If I could do one thing differently…
When the first bus pulled away from the stop without me on it, I knew at once that this was about to be one of those days people always say their mothers warned them about, which just goes to show you how many people actually listen to their mothers.

I knew it was hopeless. If, on the off chance that one of the buses dispatched from the station ever returned to take me to my destination (which was, in fact, the very station to which I was previously referring, hence why I chose to maintain polite scepticism at it ever returning at all, because public buses don’t work like that), I would probably end up detained by a lynch mob of angry mothers who would demand to know exactly what I was doing outside on a day like today, when it was clearly the wrong thing to do.
You’re probably thinking one thing right now, and you’re absolutely right.
It was, clearly, the wrong thing to do.

Once you have missed a bus where I live, you might as well move to another city because a bus will never come on time for you ever again.
Hell, I thought, I’m a go-getter. I can tempt fate. I decided, in the end, to keep my appointment. No sooner had I resolved to do this than another bus, emblazoned with the number of the bus I’d just determined I missed, cheerfully approached me from the distant horizon. I could see the driver cheerfully silhouetted inside, and he gave me a cheerful wave.
Then, he cheerfully drove by the the bus stop, made a “California stop” (which doesn’t include any actual stopping and makes me think that maybe time moves in reverse down in California, except I’ve been there and that’s way too normal for them), and kept on cheerfully driving down the road.
It is a little known fact that modern day bus transport is a direct evolutionary descendant of a form of torture that our Neanderthal cousins outlawed because it was too cruel a punishment to even be given a name, let alone have in a place where people were at least civilised enough to know where to sit and which stick to use when poking someone important (hint: not on the right and not the big one). The object of this was to take the Neanderthal who was to be tortured and set him within a cluster of disreputable cavemen who happened to be riding aimlessly around the wastelands and stopping at every stop that wasn’t his. This would naturally drive the Neanderthal - quite literally - out of his head. Of course, all that’s left to do after that is assist in driving the next victim out of his head, and eventually just keep going until you either run out of sane people or invent Key West. (This has been postulated as the sole reason why politicians are especially fond of rallying support for public transport, because while being an ancient and all-powerful force, it could still benefit from being made more evil through civil engineering.)

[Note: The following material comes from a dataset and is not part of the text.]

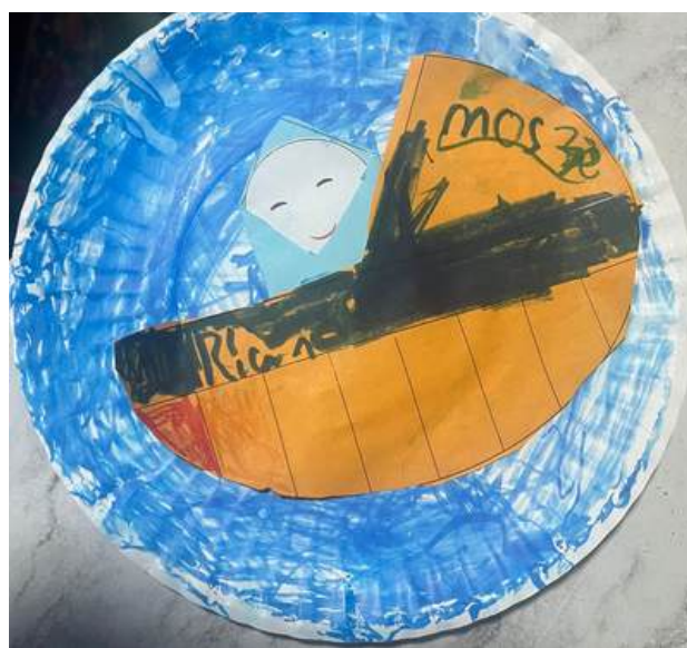
BY RIAN VARGHESE

Oddly, none of this struck down my optimism, which was admittedly far too cocky at this point, and determined that my next course of action was to track down a bus of my own, timetables be damned.
And so I did. It didn’t take too long, all things considered. “Hello?” I said, knocking patiently at the door. “Are you going to the transit centre?”
I held up my bus pass - patiently - and waited for the door to open.
“No,” mouthed the driver. She instructed some children to go to the back, which was an odd thing to do, I thought, if she wasn’t going to let me on. “Go away.”
Refusing to be disillusioned, I spoke calmly and slowly, illustrating how patient I had been and how patient I was willing to be. “This is a Yakima Bus Pass. Are you not,” I enunciated, “a Yakima Bus?”
“Nope,” said the driver, and drove her school bus away.
If I weren’t such a stable person, I’d end up with a complex.
My last effort to catch a bus was actually quite successful, but it turned out to be because I was no longer trying to catch a particular bus; any bus would do. Hey, you have to take your victories where you can get ‘em. The bus cheerfully took me ten miles opposite the direction I wanted to go and then cheerfully disappeared, never to be heard from again, and especially not by the station.
The moral of this story? Listen to your mother. Just stay home.